Netflix took its first major leap in its new direction in early February with the debut of “House of Cards,” a critically acclaimed series made exclusively for Netflix. The series, starring Academy Award-winning actor Kevin Spacey, reportedly cost Netflix $100 million, amplifying fears the company was spending more than it could afford.
In another breakthrough, Netflix released all 13 episodes of “House of Cards” at once, raising the risk that many people would just accept the company’s standard offer of a free month of service and then quit. But Netflix said fewer than 8,000 people resorted to what it calls “free-trial gaming” during the first quarter.

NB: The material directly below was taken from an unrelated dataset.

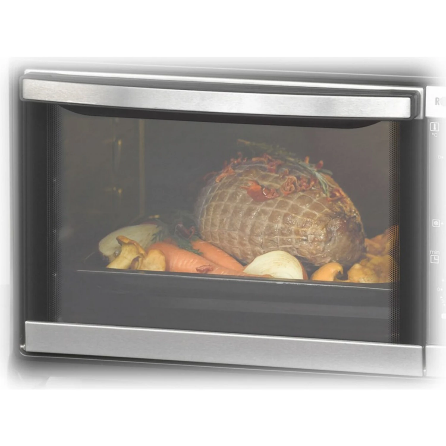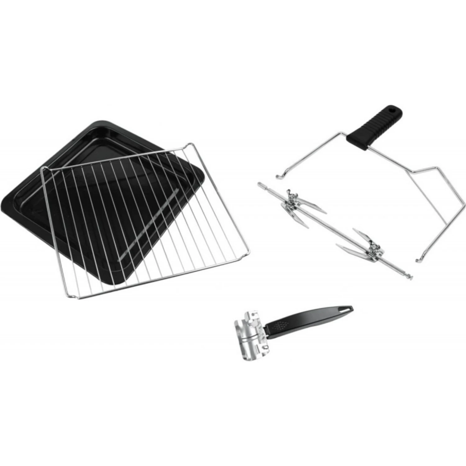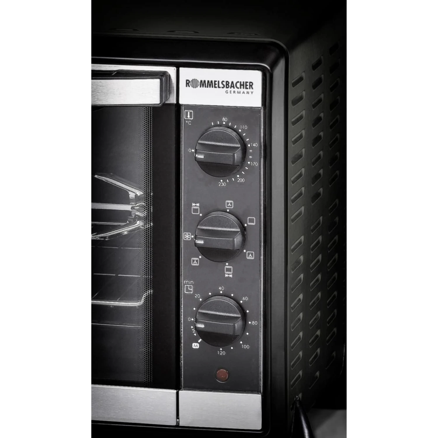 Der Rommelsbacher Back & Grill Ofen mit Umluft BG 1550 ist ideal für den kleinen Haushalt und eine gute Ergänzung für jede Küche. Mit dem Drehspieß gelingen auch knusprige Hähnchen. Die getrennt regelbare Ober- und Unterhitze lässt Braten und Aufläufe perfekt garen und die Umluftfunktion sorgt für gleichmäßige Backergebnisse bei Kuchen und Pizzen. Eine separate Auftaufunktion macht die Vielseitigkeit des Back & Grill Ofen mit Umluft BG 1550 vollkommen. Was auch immer man zubereitet, es gelingt mühelos. Die kurze Aufheizzeit der Edelstahl Heizelemente und die zweifach verglaste Backofentür mit Backraumdichtung helfen zudem beim Energiesparen. Angenehmen Bedienkomfort bieten die 120 Minuten Zeitschaltuhr mit Dauerstellung und Signalton, die stufenlose Temperaturregelung von 80°C bis 230°C, sowie die praktische Innenbeleuchtung des Backraums. Und dank der Antihaftbeschichtung des Back & Grill Ofen mit Umluft BG 1550 ist dieses attraktive Gerät auch sehr einfach zu reinigen.

“I think we’re focused on moving toward more and more exclusive content, which reinforces a reason to join Netflix and a reason to subscribe,” Hastings said in a Monday conference call with analysts. Without providing specific numbers, Hastings said “House of Cards” had a “nice impact but a gentle impact” on subscriber growth during the first quarter.
Netflix is becoming so popular that too many people using the same account are trying to watch video at the same time. The company currently allows no more than two devices to watch at the same time. Netflix said Monday that is introducing a $12-per-month plan that will allow up to four devices using the same account to watch video. Hastings expects less than 1 per cent, or fewer than 292,000, U.S. subscribers to upgrade to the more expensive plan. He also reiterated Netflix’s intention to keep its standard steaming option at $8 per month.
Another original series, “Hemlock Grove,” came out on Netflix last Friday. Although the horror series didn’t get great reviews from TV critics, Netflix said Monday that the viewership of “Hemlock Grove” during its first weekend surpassed the numbers posted by “House of Cards.”
Another Netflix exclusive, the resurrection of “Arrested Development,” is scheduled for next month.
Neither “Hemlock Grove” nor “Arrested Development” is expected to be compelling enough to overcome a traditional lull that occurs in Netflix’s subscriber growth during the spring, when warmer weather and longer daylight hours decrease people’s interest in staying indoors to watch TV. The company expects to add 230,000 to 880,000 U.S. subscribers during the current three months ending in June.
As Netflix’s Internet video service attracts more customers, the DVD-by-mail that once was the company’s foundation continues to crumble. Netflix lost another 240,000 DVD subscribers during the first quarter, pushing the number of customers on that service below 8 million for the first time since 2007. Despite the downturn, the DVD service remains highly profitable.
The company, which is based in Los Gatos, Calif., expects its second-quarter earnings to at least double from the 11 cents per share posted at the same time last year. Management envisions earnings for the current quarter ranging from 23 cents to 48 cents per share. Wall Street is expecting 39 cents a share, according to FactSet.